**ACTIVITY**.
Using the listing below, give again exactly the lines from the line with "It is made of" to the line with "19 David Wretling", inclusive, without the pictures.

**AVAILABLE DATA**.
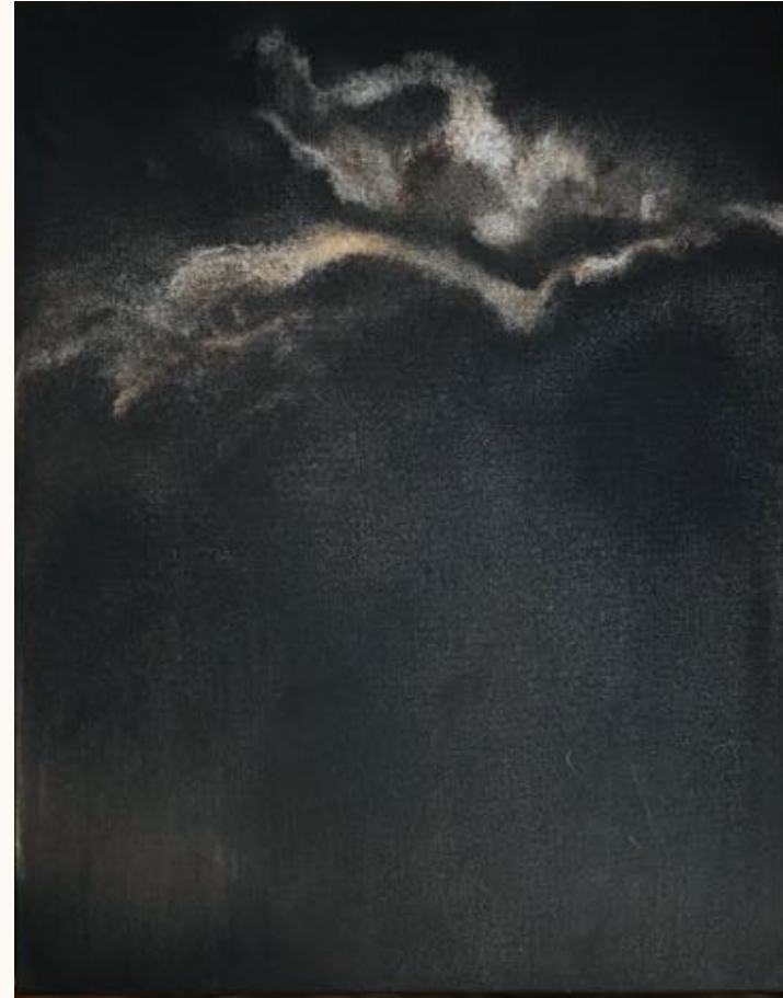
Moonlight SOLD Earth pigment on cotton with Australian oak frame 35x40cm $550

* * *

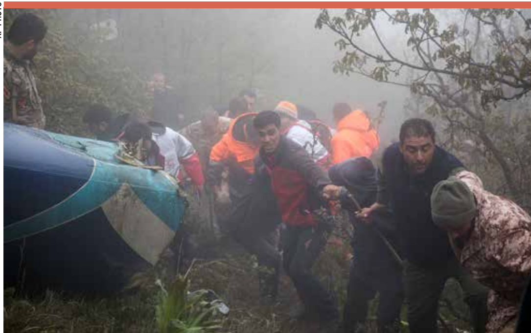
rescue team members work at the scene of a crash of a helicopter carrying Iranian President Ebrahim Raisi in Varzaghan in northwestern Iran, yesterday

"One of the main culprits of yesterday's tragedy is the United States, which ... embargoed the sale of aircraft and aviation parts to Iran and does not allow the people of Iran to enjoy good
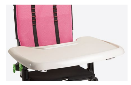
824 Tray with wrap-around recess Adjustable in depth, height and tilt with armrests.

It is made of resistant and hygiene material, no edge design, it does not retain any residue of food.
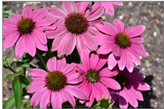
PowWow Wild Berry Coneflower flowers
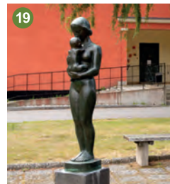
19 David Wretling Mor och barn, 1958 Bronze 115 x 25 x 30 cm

--

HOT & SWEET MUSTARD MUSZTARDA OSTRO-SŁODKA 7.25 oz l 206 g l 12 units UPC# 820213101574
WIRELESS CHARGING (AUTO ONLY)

**ANSWER SPACE**.
It is made of resistant and hygiene material, no edge design, it does not retain any residue of food.
PowWow Wild Berry Coneflower flowers
19 David Wretling Mor och barn, 1958 Bronze 115 x 25 x 30 cm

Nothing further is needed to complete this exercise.